The rationale behind the rule was that parties seeking to intervene did not have a "significantly protectable" interest because NEPA is a law that only binds the federal government.
Writing for a unanimous court, Judge Barry Silverman said the rule "ignores our traditionally liberal policy in favor of intervention" and "fails to recognize" the fact that private parties can show a protectable right," he added.
The dispute that led to the ruling focused on efforts by the Magic Valley Trail Machine Association to intervene when the Wilderness Society and Prairie Falcon Audubon Inc. sought to challenge a Forest Service decision concerning motorized travel in the Sawtooth National Forest in Idaho.
The environmental groups complained that the Forest Service wanted to allow too much access for motorized vehicles and asked the courts to restrict that access.
Recreational groups countered that the Forest Service had already restricted access too much. But U.S. District Judge Edward Lodge of the District of Idaho ruled that the recreational groups could not get involved in the case.
The 9th Circuit today ordered Lodge to reconsider the recreational groups' motion to intervene in light of its ruling.
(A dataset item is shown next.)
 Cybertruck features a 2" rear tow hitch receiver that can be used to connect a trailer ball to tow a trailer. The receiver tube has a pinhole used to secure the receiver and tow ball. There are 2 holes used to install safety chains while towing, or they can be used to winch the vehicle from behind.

The recreation groups' attorney, Paul Turcke, a partner at the Boise-based Moore Smith Buxton & Turcke law firm, welcomed the decision, saying that by allowing more interests to have a voice, judges will be able to reach better conclusions.
"It's a great result which, ironically, benefits all nonfederal parties, including preservation interests," Turcke said.
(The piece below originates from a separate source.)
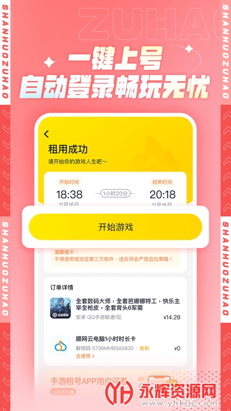 火山租号平台是非常不错的安全租号平台,平台上面有着大量的热门游戏可以供用户朋友任意浏览租号,用户完全可以放心使用,都是和平台关联的可以一键登录游戏,让您享受到快捷的租号体验,众多的游戏账号,需要租号的朋友可以看看有没有心仪的账号类型,欢迎来本站下载体验吧
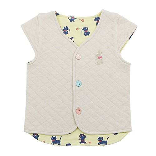 DWSIOOW 子供 キッズあったかキルトベスト 前開き ニット 中綿スクール リバーシブルーベスト アウター 防寒 春、秋、冬 出産祝い ギフト プレゼント 80cm 90cm 100cm (100cm, クリームイエロー)

The impact of the ruling will vary from district to district, he added, depending on how strict judges had been in the past.
"This doesn't open any terrible floodgate," Turcke said.
Richard Frank, director of the California Environmental Law and Policy Center at the University of California, Davis, said the ruling should be embraced by all parties involved in environmental litigation.
"I consider this a most welcome development in 9th Circuit jurisprudence, both from the standpoint of federal civil procedure rules and in providing a voice in the judicial process for a wide array of interest groups and stakeholders," he said.
Environmentalists, meanwhile, also proclaimed themselves satisfied with the outcome.
The rule "has always been a double-edged sword," said Erik Schlenker-Goodrich, a lawyer at the Western Environmental Law Center, which represents the environmental groups in the case.
"We are not sad," he said, "to see the rule abandoned."